83 is indeed a tad too hot for most hedgehogs, but the main thing is look for signs that he is hot. This can include splatting out (superman pose, laying on stomach with limbs sticking out), not being overly active and possibly not eating too much, because they kind of go into a hibernation state called estavate in hot weather. Its nothing to panic about like an actual hibernation attempt, its more of a state of conservation to conserve their energy and not overheat, and well basically any creature when too hot does the same.

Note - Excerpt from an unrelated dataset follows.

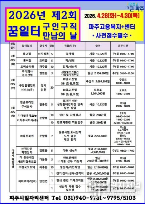브릿지저널 김경미 기자 | 파주시는 오는 28일부터 30일까지 파주고용복지플러스센터(금촌동 엠에이치(MH)타워 8층)에서 2026년 제2회 ‘구인·구직 만남의 날’을 개최한다.
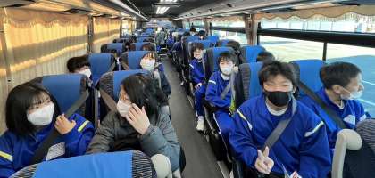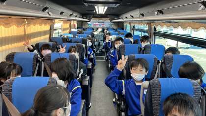 バスでは朝の会を行い、映画などを見始めました。

But in the end its going to depend on the hedgehog, the only other thing you could do is run an A/C to keep the room temperature down. You've probably read about the other methods like a ceramic tile for them to splat on and such. I'd mainly watch for signs of being too hot first, unless someone corrects me on the subject.


----------



## amber.vroman (Nov 2, 2010)

I live in Florida too and had a terrible predicament where my AC went out in the middle of summer. Not only were my boyfriend and I dying from the heat but, so was my little BubbleWrap. I had to say up with him all night in front of a fan. I also gave him a bath at the regular temperature. The water evaporating off of him cooled him off. I wouldn't recommend a cold bath. It might shock him.

But I would say that since you have AC that turning that on is your best bet.


----------



## Hedgieonboard (Nov 15, 2009)

You have to be very careful with drafts so that the hedgie won't get a chill. I live in similar climate and if the house is getting that warm with the ac on you might have to get a window unit. There is parts of the summer where the central air can struggle and this is the only thing I have found that works. If there is no ac then I would definitely suggest a window unit also because with some of the scorching days in the south I have seen a house with a broken ac get into the high 90's if not higher. Just be careful the cage isn't in the direct path, you can also try to block part of the cage if it is in the path. Wish I had more suggestions its just that it is the only way I really know to keep it cool enough without risking chills or drafts.


----------



## Nancy (Aug 22, 2008)

Hedgehogs can tolerate 83 much the same as we can. Yes, some will be hot and splat out, others it won't phase in the least. A well ventilated cage and make sure he always has fresh water and he will be fine. 

You want the fan to blow away from hedgie, not directly at him. A/C set at about 78 will get rid of the humidity but still keep the room comfortable.


----------